The Challenge of Uber and Lyft

Honestly, Uber and Lyft are totally brilliant.  I don’t mean this as a compliment.  There is no denying that the mobile application is clever.  It makes getting and paying for a ride easy and painless.  The algorithms that figure out surge pricing so drivers are incentivized to work in certain parts of town to ensure coverage, are the dispatching innovation everyone in the world of logistics wants to get their hands on.  It is even genius, the way they skirt regulation and avoid overhead and liability.
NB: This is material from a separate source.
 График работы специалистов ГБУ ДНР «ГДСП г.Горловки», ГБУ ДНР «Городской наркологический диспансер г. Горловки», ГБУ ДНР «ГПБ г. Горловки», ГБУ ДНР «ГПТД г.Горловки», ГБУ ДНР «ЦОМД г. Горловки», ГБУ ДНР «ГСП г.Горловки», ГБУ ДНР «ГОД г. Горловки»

These reasons are also why these ride hailing services suck.  First of all, more people on Uber, fewer people on the bus.  Can we all just admit to how spoiled we in the car class are?  I admit it.  I’m a life-of-bike girl.  As a 10 year bike messenger, bikes were religion, culture, work, play, romance, EVERYTHING.  My bikey friends frowned on me and shook their heads in derision when they found out I had a car to drive me to places far away.  There were buses, trains and planes for that sort of thing.

Ride hailing services are inherently wasteful.  I know this because I currently support myself driving for Skip the Dishes.  Skip the Dishes is Uber for food, minus the incentive pay and the friendly conversation.  As a bike messenger and infrequent dispatcher, I understand how this business works, but a lot of my fellow independent contractors do not.  You pick one thing up and deliver that one thing.  You get paid by the order, be it pizza or human, you get your cut depending on distance mostly, sometimes subsidies.  The average is $6 per job.  If it takes me 30 minutes on average to pick up and deliver, that is potentially $12 per hour.  Only, it really isn’t $12 per hour.  Granted I might pickup and deliver 4 things in one hour so I potentially could make about $25 per hour.  This doesn’t happen much.  I spend a lot of time reading and waiting.
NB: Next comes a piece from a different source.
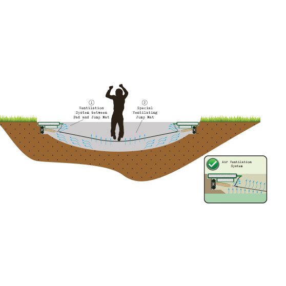 De dubbel conische veren van de trampoline, die 17,7 centimeter lang zijn, zorgen voor een hoge sprong en een fijne zachte landing. Het unieke ontluchtingssysteem van de springmat en beschermrand zorgt voor een open structuur zodat de lucht eenvoudig kan ontsnappen tijdens het springen. Daarnaast heeft de InTerra groundlevel trampoline van EXIT Toys een stevige beschermrand van 35 cm breed en 2 centimeter dik voorzien van een voetbeschermingssysteem. Hierdoor kun je nooit met je voeten tussen de veren komen tijdens het trampolinespringen. Ook is het trampolineframe gegalvaniseerd en gepoedercoat, waardoor roest verleden tijd is. Al met al is de InTerra trampoline van EXIT Toys een duurzame investering op het gebied van buitenspeelgoed!

IRS Official Guidelines Employee vs. Independent Contractor

Companies have to cover their work.  So they have to have enough drivers.  Since you are an independent contractor, it’s a lot easier for the dispatcher to say, “Sorry we don’t have anything you’ll have to wait.”  If the company is on the hook to pay a steady hourly rate, the employer will be more efficient.  Otherwise they will lose lots of money.  So when I sit around, I’m the one losing money.  Plus that gross pay of let’s average it and call it $18 per hour.  Well that turns into about $14 after taxes because I’m self-employed.  Then it keeps going down when you figure in cell phone fees, gasoline, car repairs, insurance and any moving or parking violations.  I drive a little car and I’m sneaky so my other overhead isn’t high, but still $12 an hour is not great money.  Also, I can never deliver more than one thing at a time.  As a messenger I could have 6 envelopes in my bag, each of them earning me anywhere from $3-$25 apiece.  This significantly balances out my expenses and my sitting time.  All businesses have slow times.

The worst thing about Uber and Lyft is that it is a false solution to a very complicated problem, transportation.  Putting people in cars as opposed to buses and trains is a gigantic waste of space.  Basically, you pay for entitlement.  Buffalo, as a city, is having a really hard time bridging its inequality gaps.  Uber and Lyft will exacerbate an already poor transportation system, particularly when the ECIDA (Erie County Industrial Development Association) thinks $100,000 of public funds is better spent on a marketing campaign for Uber and Lyft than on adding bus routes for our friends on the East Side who could really use them.  Uber and Lyft don’t solve the transportation problem, they only mask it.